CAUTION: This email originates from outside THG

Hi Forrest,

Based on the configuration specified, I will assume that 1.8TB is assignable to VM resources, less the management node (though honestly why not just share over the cluster, doesn’t seem like it’s a production workload?)

However, (1.8TB*7)*1000 = 12600GB usable ram, with no oversubscription. (roughly 180-200GB each system for host and ceph services)

Therefore 12600/3100 = ~4GB ram per VM at peak load, no oversubscription.

Based on the CPU arch:

128*2 threads = 256 vCPU cores (which in this model I would count as vCPU cores, there’s a LOT of contention about what defines a vCPU, there’s many camps and religious arguments on this)…

However, we want some space for the host so as a general thought, I will put 250 vCPU available in this calculation.

250*7 = 1750 vCPU cores avail.

There are 3100-1750 = 1,350 deficit vCPU cores.

As such to make up a 1vCPU core to VM at peak workload an oversubscription would be 1.8

1750*1.8 = 3150 vCPU available.

Honestly, depending on these workloads and your requirements you can probably bust this subscription ratio up more and again, I would instead share the management workloads over the cluster more and induct the first node as another compute resource.

I would like to know more about the workloads, what is the flavour of each VM, Is the workload disk intensive, cpu or memory, or io?

In terms of running the workload, I don’t see an obvious issue with your nova config, the allocation ratio is high but that’s not going to probably be an issue here based on the numbers I mentioned.

Ensuring host reservation memory is good, which I can see you have around 128GB in reservation and ram_allocation_ratio as 1.0 will ensure no OOM scenarios.

Overall, I think your settings are sane and my only comment would be to add that management node into the compute mix if you can but otherwise without knowing more on the workload, seems fine.

Have you done any scale testing?
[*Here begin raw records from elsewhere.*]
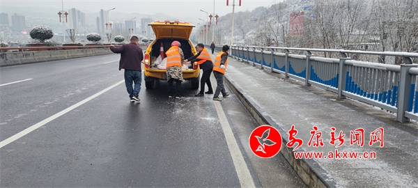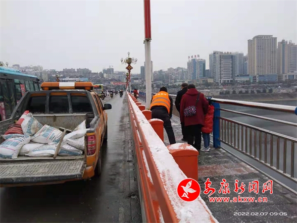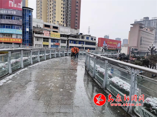 據(jù)了解,7日清晨,安康市市政園林處共投入人力40余人,融雪劑3噸,車輛10臺,對城區(qū)雷神殿、馬坎天橋、漢江一橋、三橋、南環(huán)干道陳家溝大橋及部分公園集中開展除雪融冰工作。
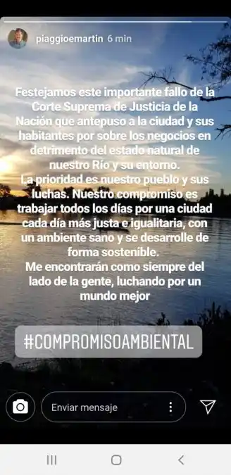 El intendente Martín Piaggio fue contundente al opinar sobre el fallo que condena el avance del barrio náutico sobre un humedal. En una historia de Instagram dejó un fuerte testimonio: "Festejamos este importante fallo de la Corte Suprema de Justicia de la Nación que antepuso a la ciudad y sus habitantes por sobre los negocios". El descargo se da a horas de haberse conocido el fallo que reconoce como válido el reclamo de un grupo de ambientalistas de la ciudad, encabezados por el abogado JUlio Majul. El texto completo
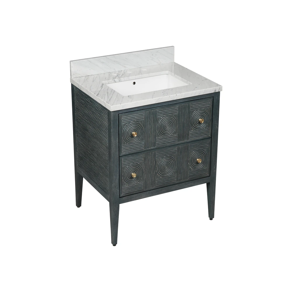 Description: The Santos 28″ Vintage Navy Vanity has a split rattan pattern on the drawers and sides made by hand and applied to a solid mahogany frame. Then a Vintage Navy finish covers the entire piece. Two sets of pulls are included in brass and polished nickel finishes to allow some customization. The vanity has two working drawers, the bottom of which has a removable organizational divider. The white Carrara marble top is fitted with a white rectangular undermount sink. Other fine design attributes include soft-close drawers and a matching removable marble backsplash.
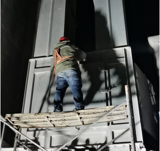 檢修作業全程跟蹤,一天一夜檢修下來,有睡在辦公室沒回家的,也有吃飯就在作業現場……比比皆是。總經理吳紅衛更是如此,一個作業一個作業現場轉上轉下,從2026提升機作業點到回轉窯主傳減速機,再到篦冷機、煤磨、烘干破、預熱器、2301、2323、2401提升機以及高溫風機、回轉窯窯內及燃燒器檢修現場,指導,建議,一直值守在現場,忙著跟工人們同時收工,一整晚都未歸宿就寢室。工人們,裝置長擔心他的身體,時常提醒讓他回去休息一下,喝口水,而他放心、安慰大家說,“我和大家一樣的心情,早完工,產量就能早生產一點,我們后續生產就能輕松一點,大家加油”。一直以來,他和這個班子成員、工人們一起頂著嚴寒,一直堅守在現場安全履職和協調把控檢修進度,不厭其煩的一次次的詳細交底,直到一項一項設備檢修更換完畢。
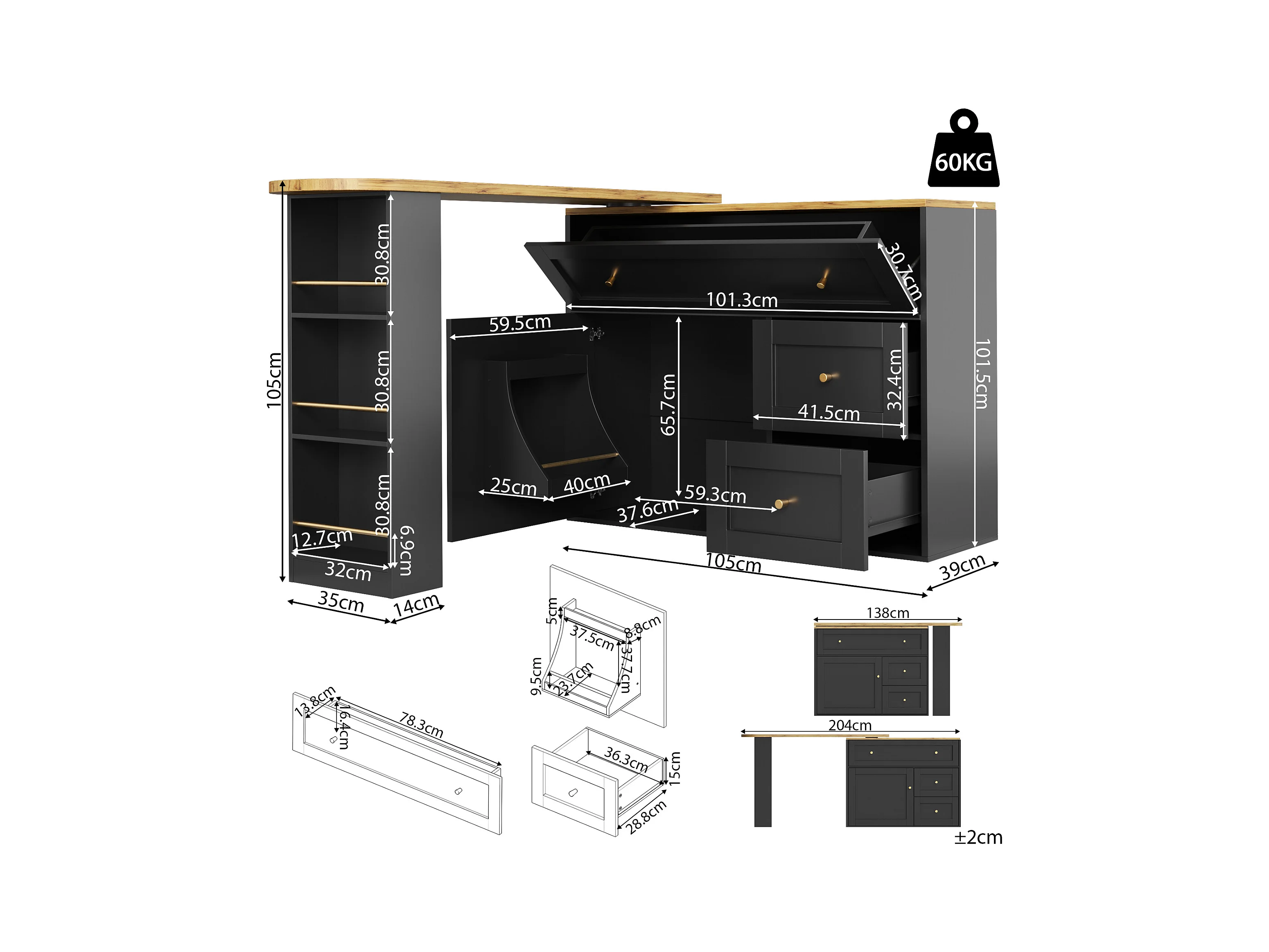 Bartisch Ausziehbar, 360° Drehbar, Stauraum, MDF, Schwarz (138-204x39x104 cm)
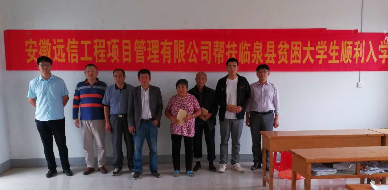據了解,公司近年來已在臨泉縣、含山縣、金寨縣、舒城縣等多地進行了各類幫扶及慰問活動。累計捐贈善款近十萬元,有數十戶家庭從中受益。有效解決了困難家庭的燃眉之急,圓了困難子女的“升學夢”,同時,也較好地體現了企業的人文關懷和社會責任。
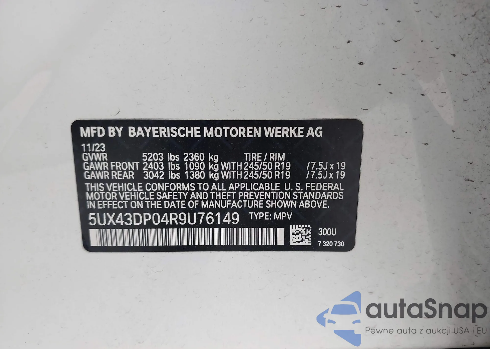 VIN: 5UX43DP04R9U76149
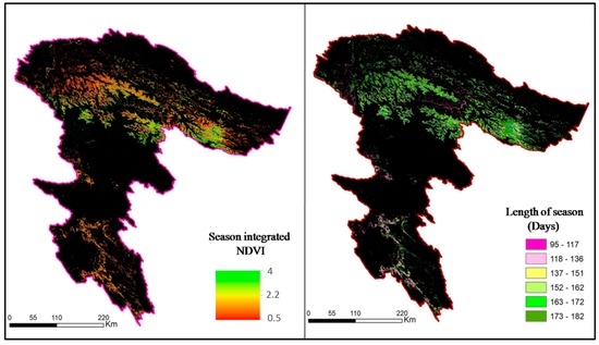 Patterns in grassland productivity (season cumulative NDVI) and length of season across the study area.
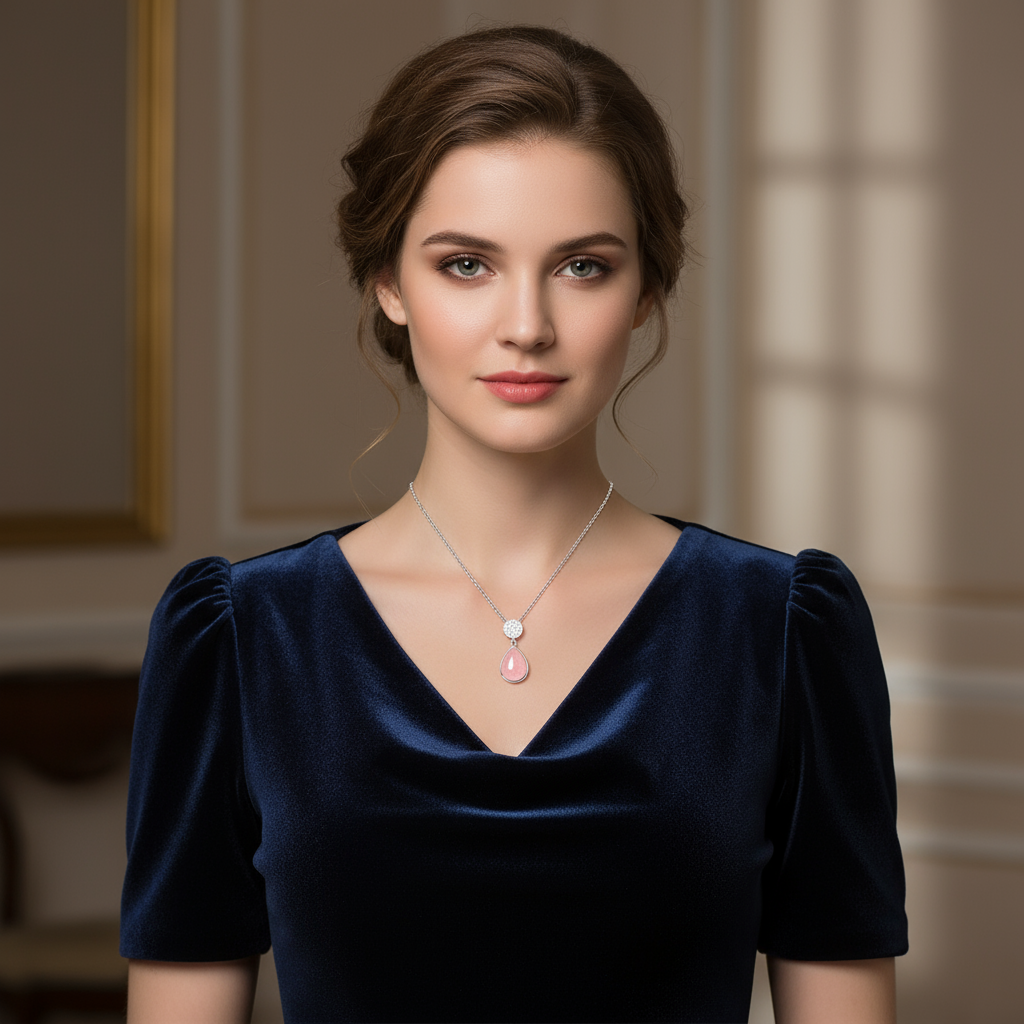 GRACE Rose Quartz CZ Pendant Necklace in Sterling Silver

Spun up a workload of 3100 VMs? ( easiest way to do this would likely be to heat template…) then run an image with a default start workload of something you want to test with.

--Karl.

From: Forrest Fuqua <fffics@rit.edu>
Date: Tuesday, 31 October 2023 at 5:40 am
To: openstack-discuss@lists.openstack.org <openstack-discuss@lists.openstack.org>
Subject: [ops] Seeking Advice on Service Deployment and Layout for an 8-Node Cluster

Hi there,

I'm currently exploring some strategies and seeking advice on the deployment and layout of services on an 8-node cluster. Each node is equipped with dual AMD EYPC 7702s, two 100G Links, and 2TB of RAM. Additionally, I've set up two 13TB NVME drives in a Ceph configuration for each node.
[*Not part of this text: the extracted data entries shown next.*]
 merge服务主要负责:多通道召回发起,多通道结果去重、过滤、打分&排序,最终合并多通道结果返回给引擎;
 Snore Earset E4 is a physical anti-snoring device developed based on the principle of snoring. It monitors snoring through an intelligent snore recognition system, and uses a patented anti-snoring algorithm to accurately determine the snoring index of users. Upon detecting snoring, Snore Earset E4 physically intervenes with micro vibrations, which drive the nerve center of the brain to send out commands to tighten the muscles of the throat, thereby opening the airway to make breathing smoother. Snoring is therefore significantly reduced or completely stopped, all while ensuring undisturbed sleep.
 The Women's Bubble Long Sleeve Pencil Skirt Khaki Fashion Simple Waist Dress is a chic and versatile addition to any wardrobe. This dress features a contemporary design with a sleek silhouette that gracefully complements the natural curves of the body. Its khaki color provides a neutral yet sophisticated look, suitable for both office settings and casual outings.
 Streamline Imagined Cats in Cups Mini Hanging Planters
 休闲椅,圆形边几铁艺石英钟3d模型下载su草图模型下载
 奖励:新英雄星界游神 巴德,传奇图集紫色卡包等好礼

At present, the setup involves one management node, while the others are dedicated to running Nova, Neutron, Glance, and Cinder. The workload, while fairly basic, involves handling substantial numbers. It's primarily used for one-off research projects and a few classes, serving around 60 end users.

The most demanding scenario occurs during cybersecurity competitions when we need to deploy 3100 VMs at once. When this is spread out over a few days, it's manageable. However, there's a risk of overloading the system, leading to DiskIO issues and Database inconsistencies.

Currently, I'm utilizing Kolla for deployment, and I've shared my configurations on this GitHub repository: Link to Configs.

I'd greatly appreciate any insights or advice on optimizing this setup to handle the peak workload more efficiently and prevent potential performance issues.

Thanks in advance for your help!